Further, there’s always the idea of hybrid cloud, in which a vendor peddles private cloud systems (usually appliances) running similar technology stacks to what they run in their proprietary public clouds. A number of vendors have backed away from such stories, but a few are still pushing it, including Oracle and Microsoft.

This is a good example of Monash’s Laws of Commercial Semantics.

2. Due to economies of scale, only a few companies should operate their own data centers, aka true on-prem(ises). The rest should use some combination of colo, SaaS, and public cloud.

This fact now seems to be widely understood.

3. The public cloud is a natural fit for those use cases in which elasticity truly matters. Many websites and other consumer internet backends have that characteristic. Such systems are often also a good fit for cloud technologies in general.

This is frequently a good reason for new — i.e. “greenfield” — apps to run in the cloud.

4. Security and privacy can be concerns in moving to the cloud. But I’m hearing that more and more industries are overcoming those concerns.

In connection to that point, it might be interesting to note:

In the 1960s and 1970s, one of the biggest industries for remote computing services — i.e. SaaS — was commercial banking.
Other big users were hospitals and stockbrokers.
The US intelligence agencies are building out their own shared, dedicated cloud.

5. Obviously, Amazon is the gorilla in the cloud business. Microsoft Azure gets favorable mentions as well. I don’t hear much about other public cloud providers, however, except that there are a lot of plans to support Google’s cloud just in case.

In particular, I hear less than I expected to about public clouds run by national-champion telecom companies around the world.

6. It’s inconvenient for an application vendor to offer both traditional and SaaS versions of a product.
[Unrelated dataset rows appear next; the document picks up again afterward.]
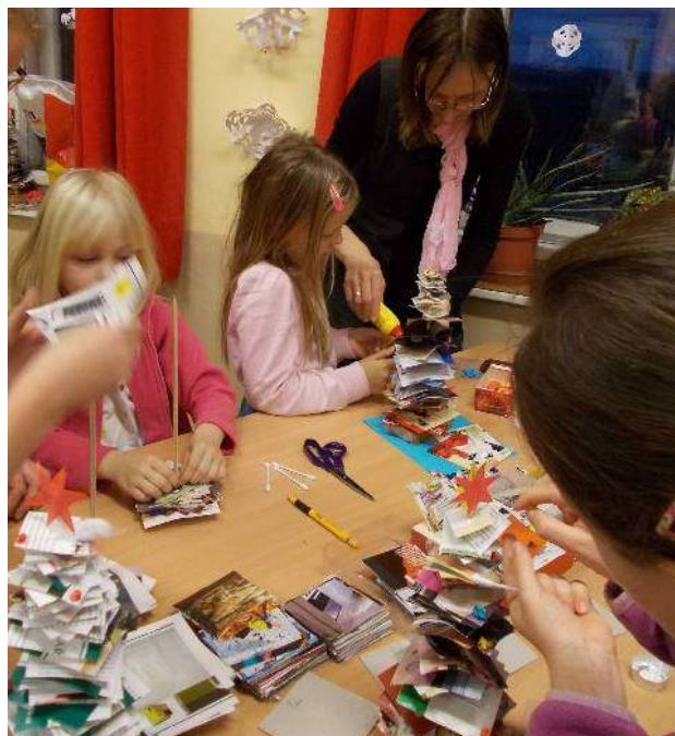
Papírový stromeček s hvězdou
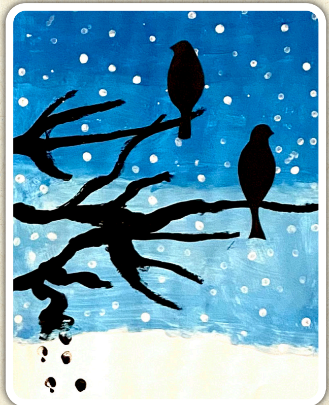
Anže Primc, 1. c
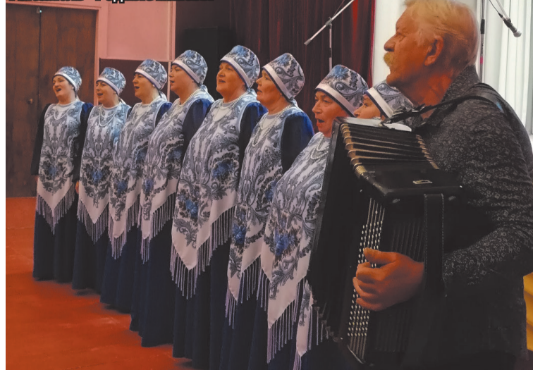
Ансамбль «Родные напевы»

По информации администрации Бежецкого района
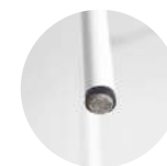
Felt glides for tube Tacos fieltro para tubo

Release cycles and platform support are different in the two cases. But there’s no reason a large traditional application vendor couldn’t pull it off, and the largest are already more or less claiming to. Soon, this will feel like a market necessity across the board.
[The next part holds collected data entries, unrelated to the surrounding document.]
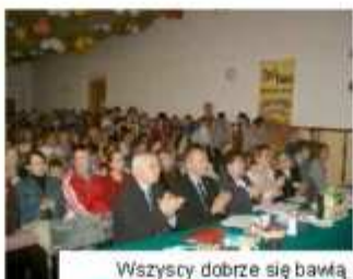
Wszyscy dobrze się bawią
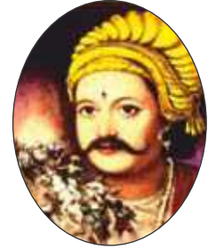
चन्द्रगुप्त द्वितीय (विक्रमादित्य)

चन्द्रगुप्त द्वितीय युद्ध क्षेत्र में जितना वीर (रणकुशल) था, शान्तिकाल में उससे कहीं अधिक कर्मठ था। वह स्वयं विद्वान् था एवं विद्वानों का आश्रयदाता था। उसके दरबार में नौ विद्वानों की एक मंडली थी, जिन्हें नवरत्न कहा गया है।
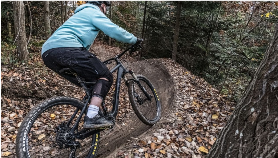
Linkskurve im Wald.
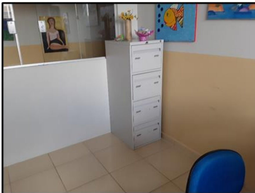
Foto: Sala de aula.
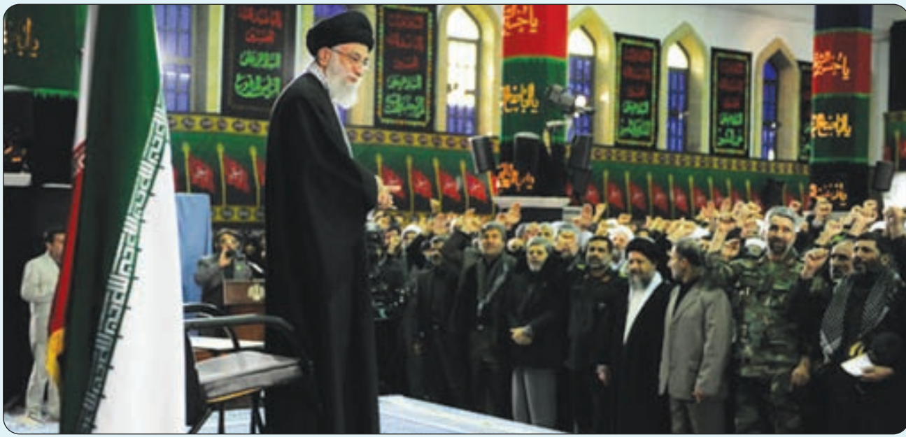
دیدار صدها نفر از بسیجیان کشور با مقام معظم رهبری
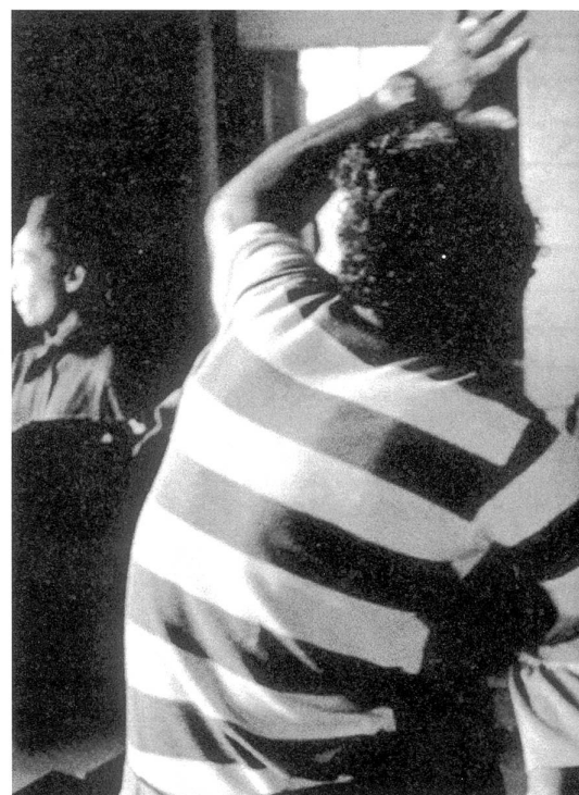
Karibischer Alltag – Bild aus dem Booklet «Sound and Pressure. Volume two»
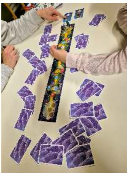
Kinder haben Spaß an guten Gesellschaftsspielen. Und am Miteinander.

„Warum nicht beispielsweise eine der bewährten Schnitzeljagden veranstalten? Mit wenig Aufwand, dafür mit riesen Spaß für Klein und Groß. Drau-
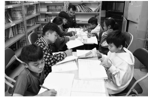
● HS ôn luyện bài cũ trong KTX.

7. The converse is less universally true. However, some SaaS vendors do lose out from their lack of on-premises options. Key considerations include:

Does your application need to run close to your customers’ largest databases?
Do your customers still avoid the public cloud?

If both those things are true, and you don’t have an on-premises option, certain enterprises are excluded from your addressable market.

8. Line-of-business departments are commonly more cloud-friendly than central IT is. Reasons include:

Departments don’t necessarily see central IT as any “closer” to them than the cloud is.
Departments don’t necessarily care about issues that give central IT pause.
Departments sometimes buy things that only are available via remote delivery, e.g. narrowly focused SaaS applications or market data.

I discussed some of this in my recent post on vendor lock-in.

9. When the public cloud was younger, it had various technological limitations. You couldn’t easily get fast storage like flash. You couldn’t control data movement well enough for good MPP (Massively Parallel Processing) in use cases like analytic SQL.

Those concerns seem to have been largely alleviated.

10. It takes a long time for legacy platforms to be decommissioned. At some enterprises, however, that work has indeed been going on for a long time, via virtualization.

11. If you think about system requirements:

There is a lot of computing power in devices that may be regarded as IoT nodes — phones, TV boxes, thermostats, cars, industrial equipment, sensors, etc. Client-side computing is getting ever more diverse.
Server-side computing, however, is more homogenous. Enterprises can, should and likely will meet the vast majority of their server requirements on a relatively small number of clusters each.

I argued the latter point in my 2013 post on appliances, clusters, and clouds, using terminology and reasoning that are now only slightly obsolete.

So what will those clusters be? Some will be determined by app choices. Most obviously, if you use SaaS, the SaaS vendor decides which cloud(s) your data is in. And if you’re re-hosting legacy systems via virtualization, that’s another cluster.

Otherwise, clusters will probably be organized by database, in the most expansive sense of term. For example, there could be separate clusters for:

Operational data managed by your general-purpose RDBMS (Oracle, SQL Server, DB2, whatever).
Relational data warehousing, whether in an analytic RDBMS or otherwise.
Log files, perhaps managed in Hadoop or Splunk.
Your website and other internet back-ends, perhaps running over NoSQL data stores.
Text documents managed by some kind of search engine.
Media block or object storage, if the organization’s audio/video/whatever would overwhelm a text search engine. (Text search or document management systems can often also handle low volumes of non-text media.)

Indeed, since computing is rarely as consolidated as CIOs dream of it being, a large enterprise might have several clusters for any of those categories — each running different software for data and storage management — with different deployment choices among colo, true on-prem, and true cloud.

“Real-time” is getting real

Curt Monash — Tue, 06 Sep 2016 06:43:40 +0000

I’ve been an analyst for 35 years, and debates about “real-time” technology have run through my whole career. Some of those debates are by now pretty much settled. In particular:

Yes, interactive computer response is crucial.
- Into the 1980s, many apps were batch-only. Demand for such apps dried up.
- Business intelligence should occur at interactive speeds, which is a major reason that there’s a market for high-performance analytic RDBMS.
Theoretical arguments about “true” real-time vs. near-real-time are often pointless.
- What matters in most cases is human users’ perceptions of speed.
- Most of the exceptions to that rule occur when machines race other machines, for example in automated bidding (high frequency trading or otherwise) or in network security.

A big issue that does remain open is: How fresh does data need to be? My preferred summary answer is: As fresh as is needed to support the best decision-making. I think that formulation starts with several advantages:

It respects the obvious point that different use cases require different levels of data freshness.
It cautions against people who think they need fresh information but aren’t in a position to use it. (Such users have driven much bogus “real-time” demand in the past.)
It covers cases of both human and automated decision-making.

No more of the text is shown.